— Assignment —
An exact transcript is required of the lines below, from the one containing "vídeo registra advogado, sócio" through the very last; leave every picture out of it.

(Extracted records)
____
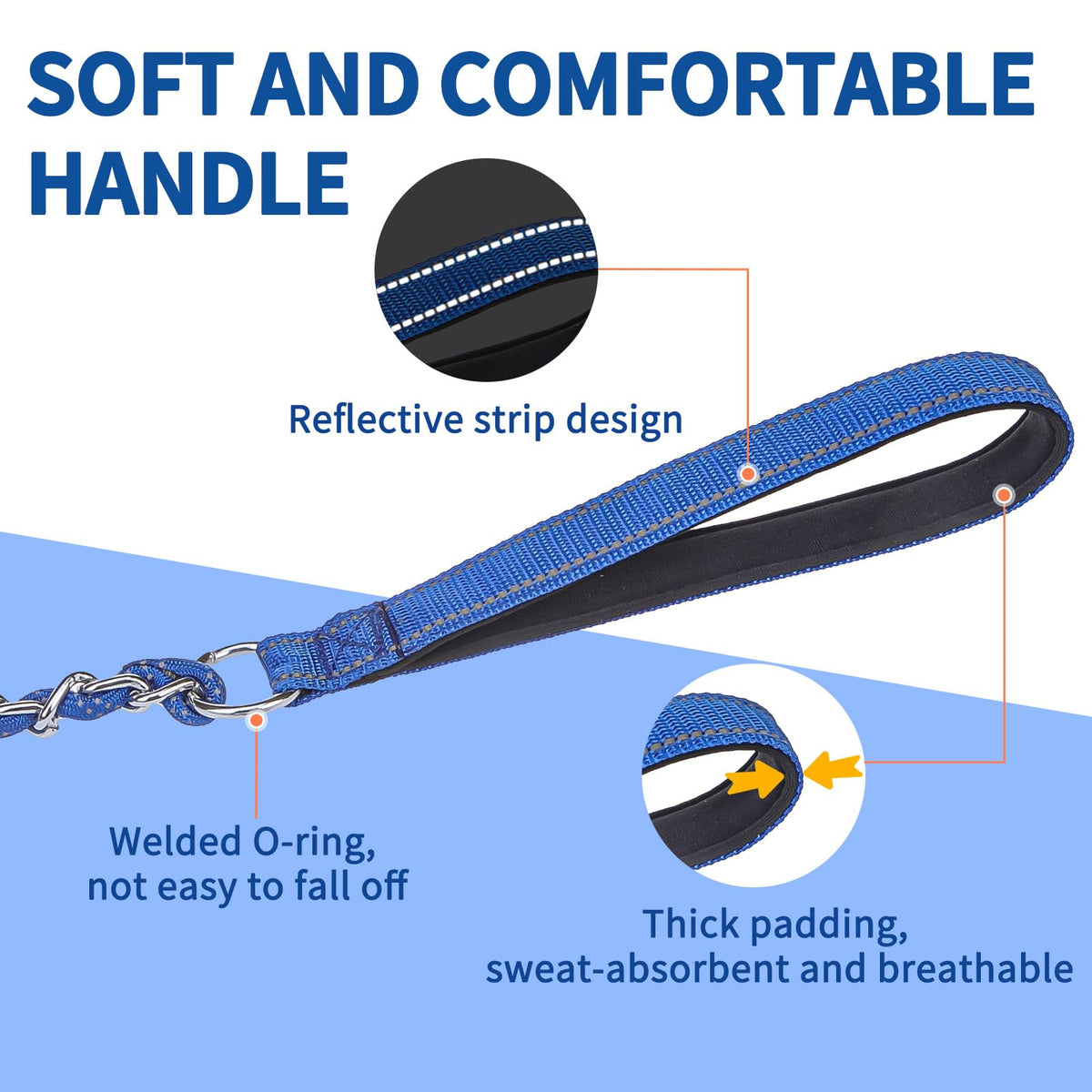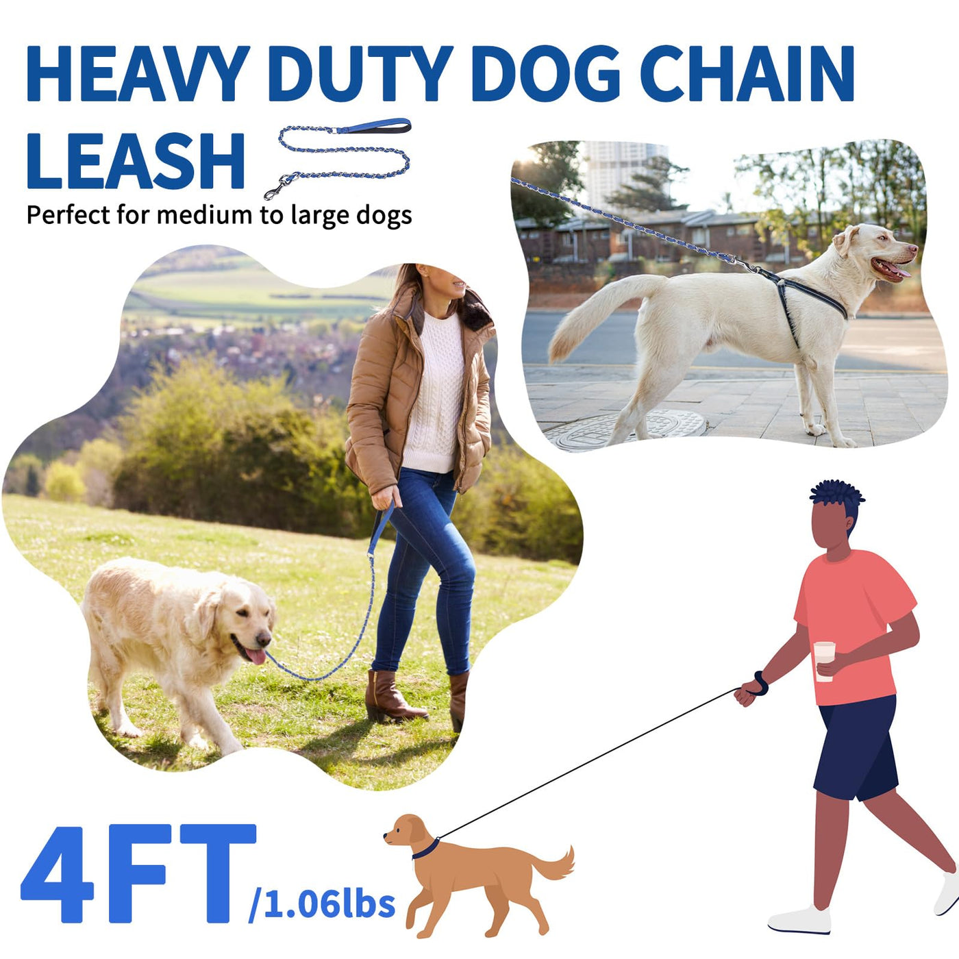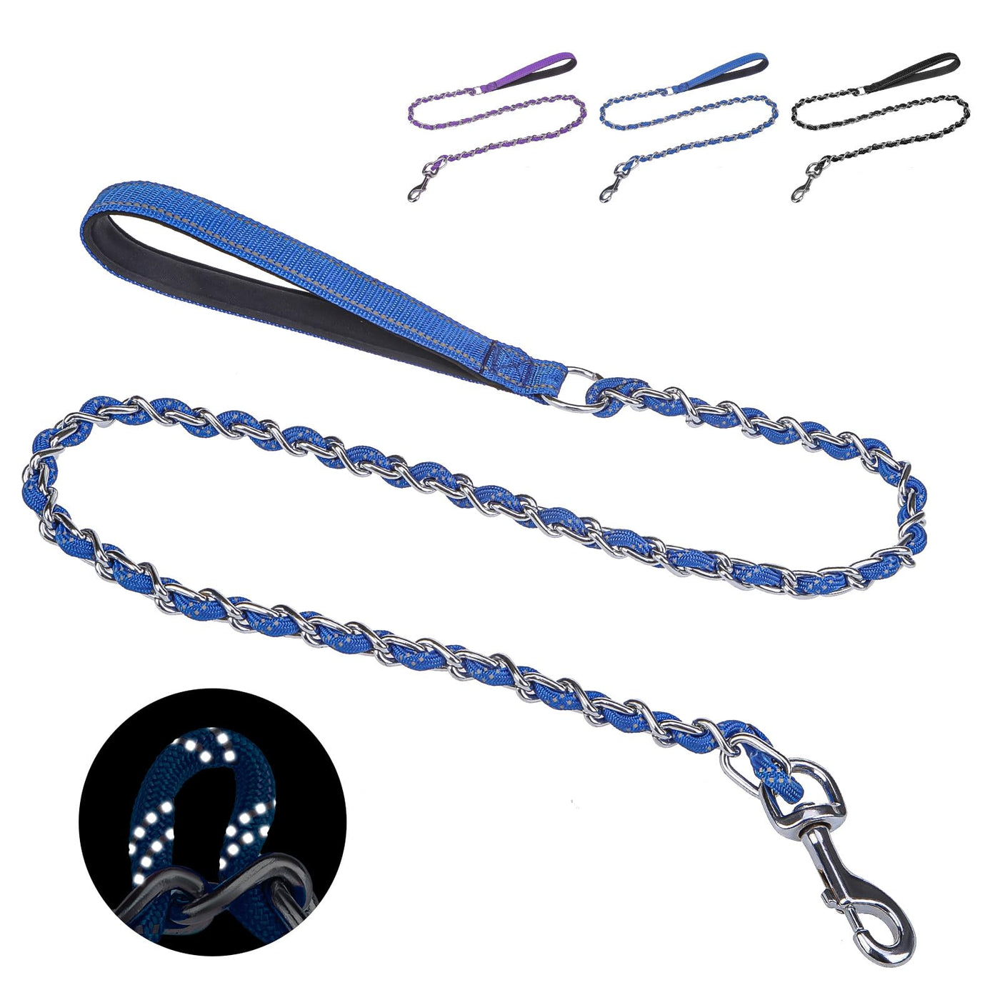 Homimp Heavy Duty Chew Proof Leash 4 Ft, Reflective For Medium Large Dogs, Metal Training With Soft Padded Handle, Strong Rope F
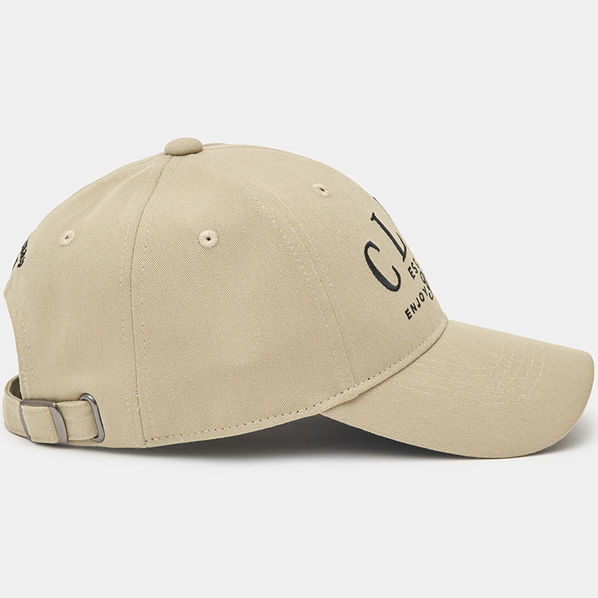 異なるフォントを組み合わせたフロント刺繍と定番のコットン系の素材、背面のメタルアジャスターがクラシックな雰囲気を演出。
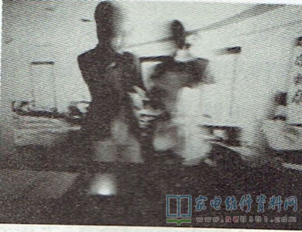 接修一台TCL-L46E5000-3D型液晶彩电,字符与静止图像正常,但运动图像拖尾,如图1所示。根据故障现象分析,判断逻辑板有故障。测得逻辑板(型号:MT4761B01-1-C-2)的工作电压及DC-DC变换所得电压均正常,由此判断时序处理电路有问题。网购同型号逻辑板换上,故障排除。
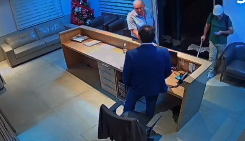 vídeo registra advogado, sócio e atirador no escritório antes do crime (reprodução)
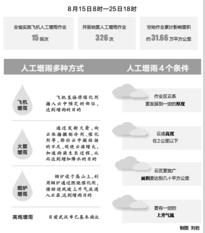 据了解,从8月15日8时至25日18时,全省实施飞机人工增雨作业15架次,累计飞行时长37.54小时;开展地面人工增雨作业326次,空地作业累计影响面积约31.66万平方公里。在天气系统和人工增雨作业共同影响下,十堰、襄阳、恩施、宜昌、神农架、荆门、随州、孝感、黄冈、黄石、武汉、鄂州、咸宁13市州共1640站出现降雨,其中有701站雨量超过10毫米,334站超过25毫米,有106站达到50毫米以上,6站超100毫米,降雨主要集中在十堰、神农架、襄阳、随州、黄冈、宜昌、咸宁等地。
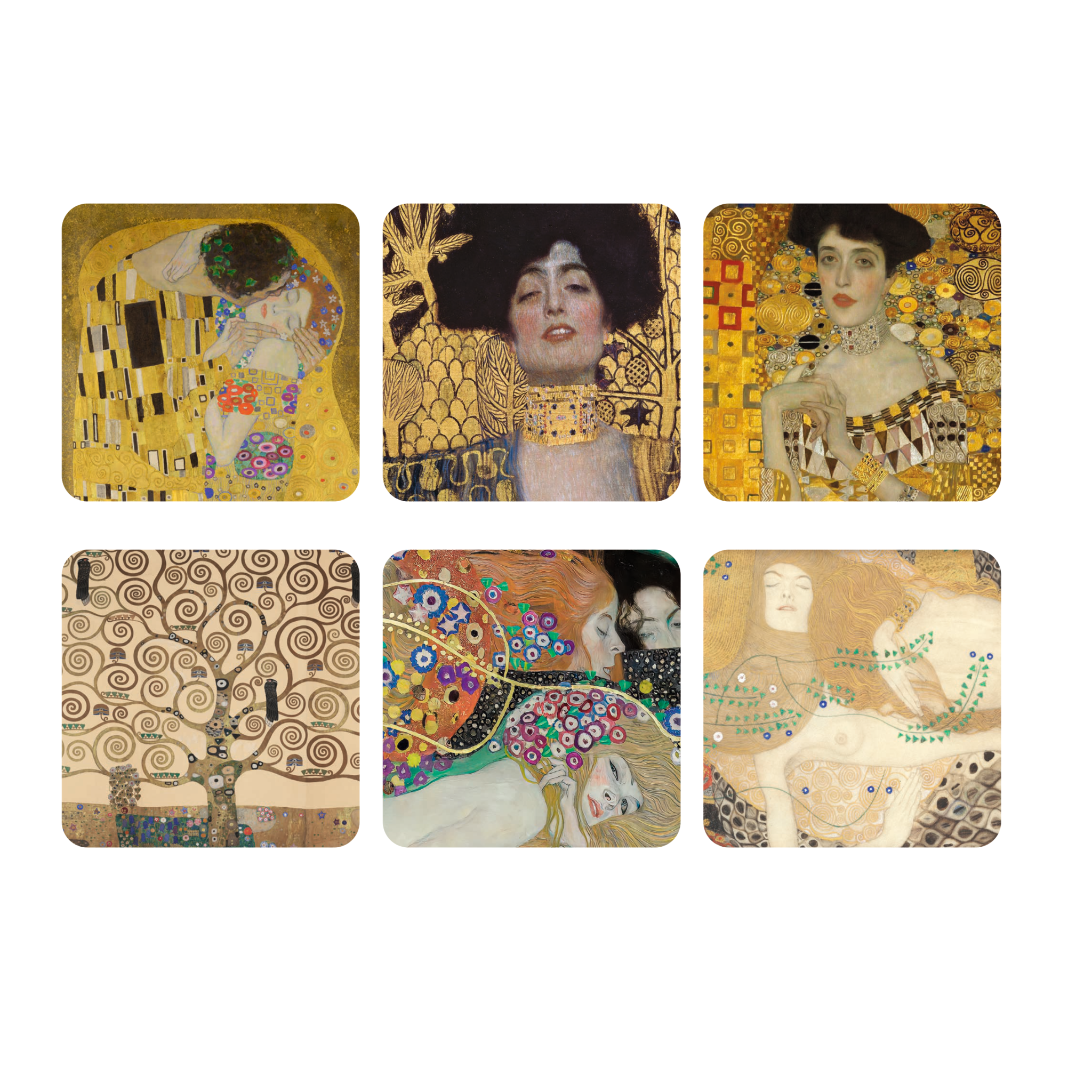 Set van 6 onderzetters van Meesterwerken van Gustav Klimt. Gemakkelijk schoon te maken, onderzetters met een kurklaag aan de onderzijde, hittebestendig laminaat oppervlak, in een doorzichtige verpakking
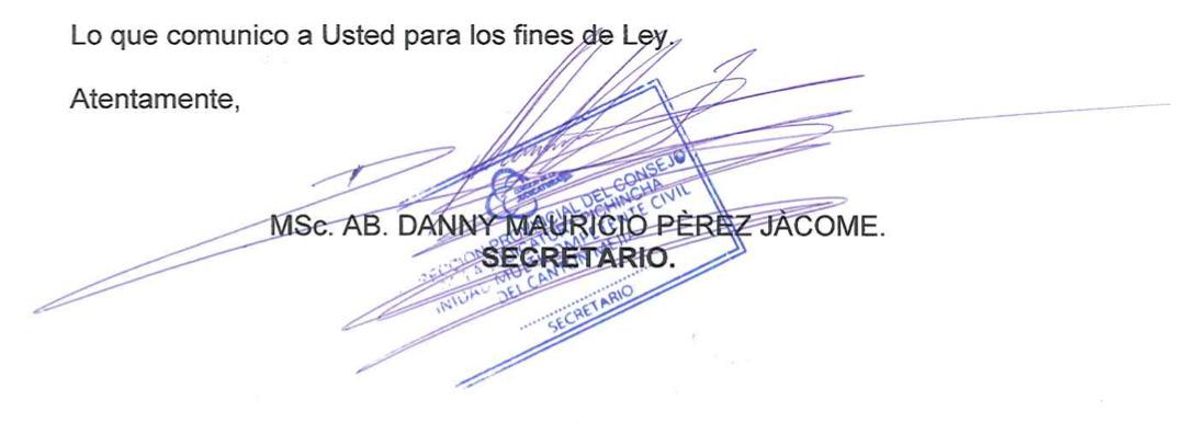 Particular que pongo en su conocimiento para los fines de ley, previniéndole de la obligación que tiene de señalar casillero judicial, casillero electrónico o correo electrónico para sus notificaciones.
____
— Answer for the task —
 vídeo registra advogado, sócio e atirador no escritório antes do crime (reprodução)
 据了解,从8月15日8时至25日18时,全省实施飞机人工增雨作业15架次,累计飞行时长37.54小时;开展地面人工增雨作业326次,空地作业累计影响面积约31.66万平方公里。在天气系统和人工增雨作业共同影响下,十堰、襄阳、恩施、宜昌、神农架、荆门、随州、孝感、黄冈、黄石、武汉、鄂州、咸宁13市州共1640站出现降雨,其中有701站雨量超过10毫米,334站超过25毫米,有106站达到50毫米以上,6站超100毫米,降雨主要集中在十堰、神农架、襄阳、随州、黄冈、宜昌、咸宁等地。
 Set van 6 onderzetters van Meesterwerken van Gustav Klimt. Gemakkelijk schoon te maken, onderzetters met een kurklaag aan de onderzijde, hittebestendig laminaat oppervlak, in een doorzichtige verpakking
 Particular que pongo en su conocimiento para los fines de ley, previniéndole de la obligación que tiene de señalar casillero judicial, casillero electrónico o correo electrónico para sus notificaciones.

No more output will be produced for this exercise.